M·A·C Guest Blog

Celebrate your inner beauty this holiday season with tips from M·A·C Senior Artist Victor Cembellin.

Let’s face it: Makeup makes the perfect gift. Packaged in art deco-inspired luxury, M·A·C Stroke of Midnight Eye, Lip & Brush Kits and Nocturnals holiday kits are fantastic choices when shopping during this most decadent time of year.

I always say that good makeup application begins with great brushes! With that in mind, the Stroke of Midnight Mineralize Brush Kit is an absolute holiday must. Lending unparalleled precision and refined professional quality, these four artistry tools (with their own elegant graphic case) perform flawlessly with M·A·C’s wide array of mineral products.

Three-dimensional, highlighted skin was a major trend this past fall/winter 2013 Fashion Week. To achieve the look and create a soft, wintery glow, sweep Iridescent Powder in Sparkling Rosé (from the Stroke of Midnight – Cool Face Palette) across the high point of your cheekbone using the #159 SE brush.
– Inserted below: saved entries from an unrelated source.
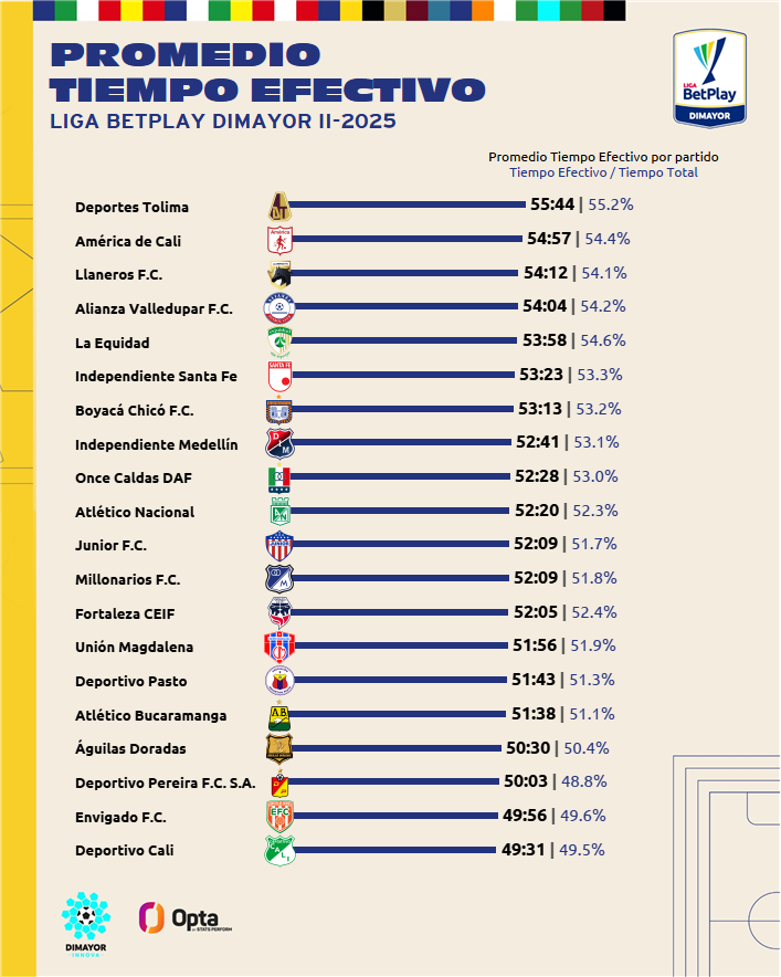 Para esta Liga BetPlay Dimayor 2025-II, a pesar de que el juego pudo ser un poco mejor, la mala suerte y las pequeñas situaciones de los partidos, el han pasado factura. Sumado a esto, lo más esencial para que un equipo pueda implantar su idea de juego en el campo es que el balón este en disputa. Un aspecto en el que el Deportivo Cali deberá trabajar para el 2026, puesto que, con 18 fechas disputadas en esta liga son el equipo con peor promedio de tiempo efectivo de juego por partido. En promedio, el verde vallecaucano, juega 49 minutos y 31 segundos de los 90 minutos que tiene un partido de fútbol.
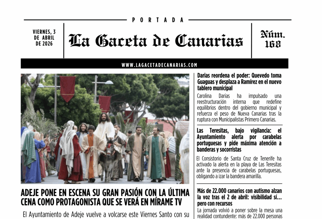 La portada de La Gaceta de Canarias para este viernes 3 de abril de 2026
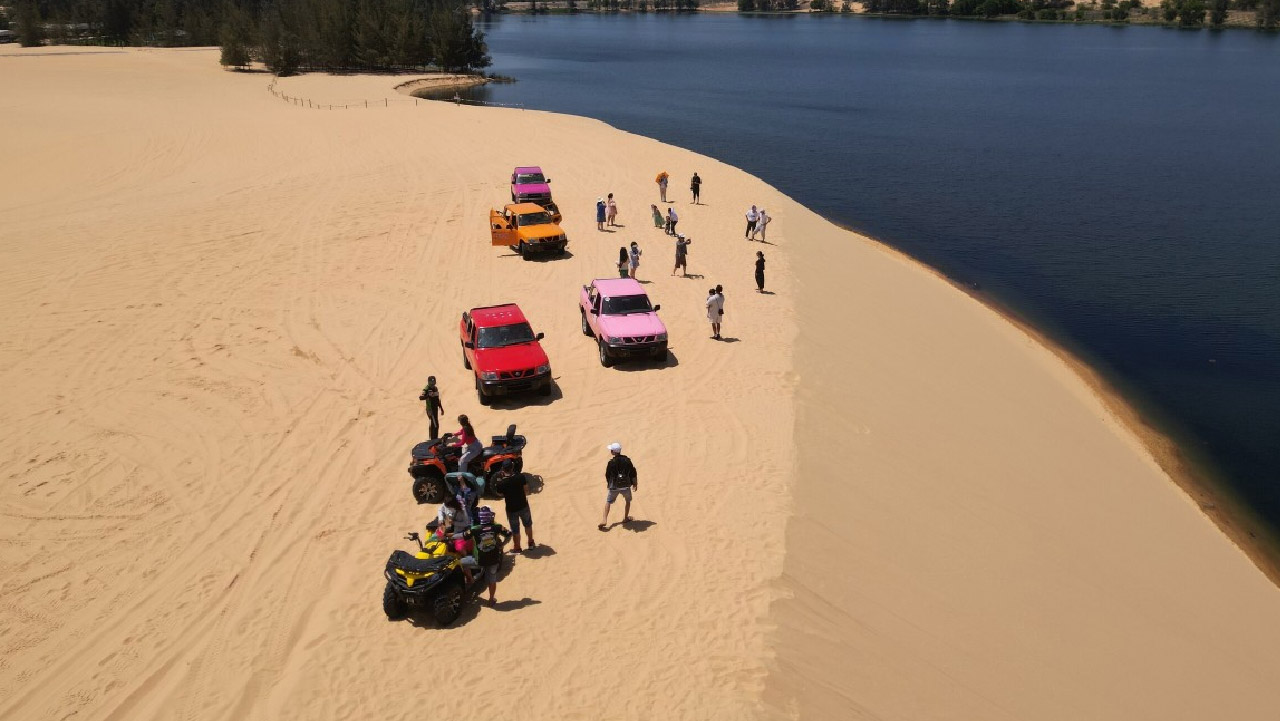 08h00: Khởi hành tham quan Khu du lịch Bàu Trắng – Nằm giữa những triền cát trắng nên Bàu Bà còn được gọi là Bàu Trắng và ngày nay cũng thường được gọi với cái tên Bàu Sen bởi trong hồ khi vào mùa sen nở, phủ kín cả một vùng hồ. Được thiên nhiên ban tặng khiến cho hồ đẹp đến tuyệt vời. Từ trên đồi cát nhìn xuống hồ phẳng lặng, xa xa những đồi cát sẫm màu nhấp nhô lên xuống khiến du khách không khỏi trầm trồ, thán phục. Quý khách có thể chọn lựa chơi các trò chơi mạo hiểm như đi xe địa hình hoặc đi xe Jeep khám phá Bàu Trắng (Chi phí tự túc).
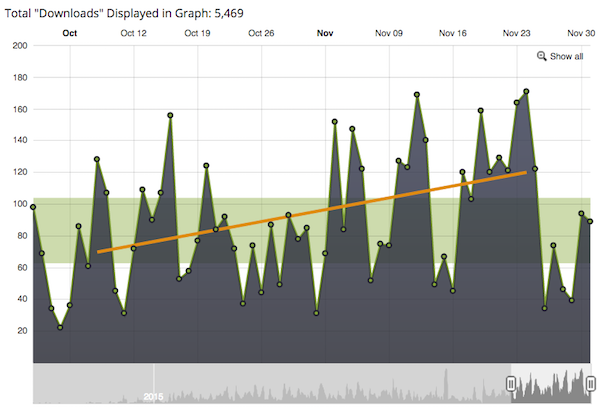 Okay, so November is the first month where I cracked the 3,000 download count.
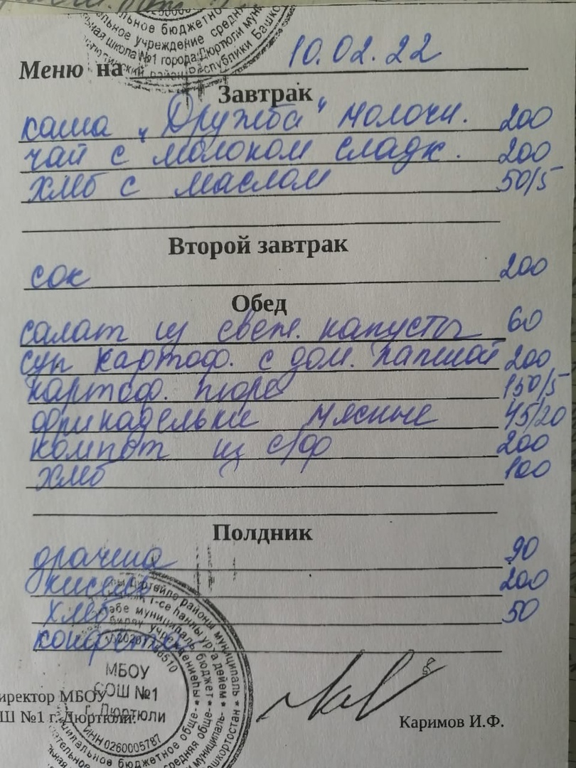 Фото рациона на 10.02.2022
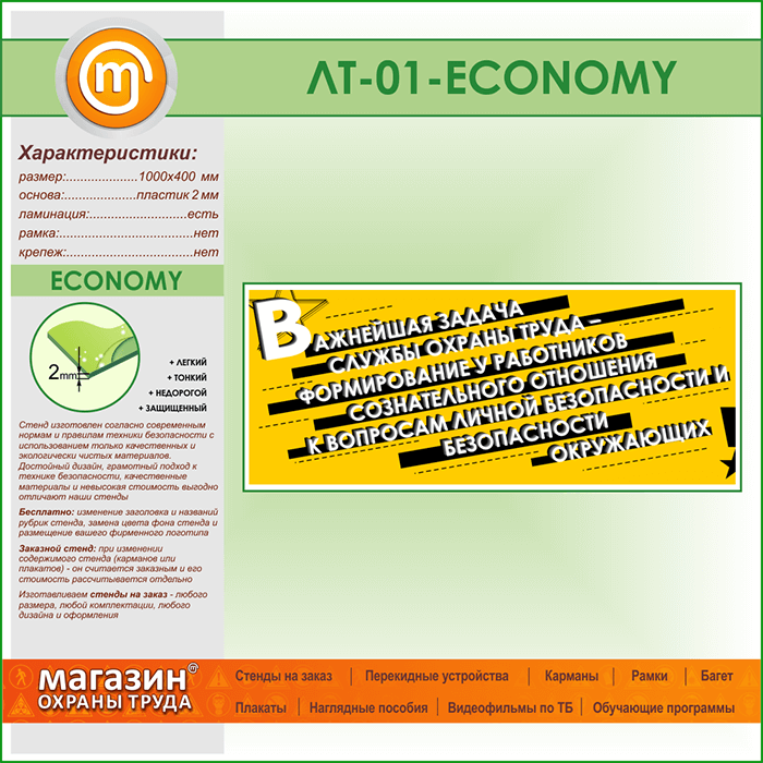 Лозунг «Важнейшая задача службы охраны труда...» (LT-01-ECONOMY) в Иркутске купить
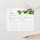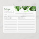 Bridal Shower Tropical Jungle Leaves Recipe Card

Then, using the Duo Fiber Face Brush #187, erase imperfections with Mineralize Skinfinish Natural. Your perfected complexion will remain lightweight and polished all day long.

And because the holiday season is packed full of celebratory gatherings and late-night outings, use the same Cool face palette to create a sultry, smoky-eyed look, worthy of any occasion. Work the palette’s three featured eye shadows (All Races, Scene and Magic Moor) from the lightest to darkest shades, traveling from under the brow to around the eye. Next, use the 286 Duo Fibre Blending Brush and blend upwards to build up depth and drama.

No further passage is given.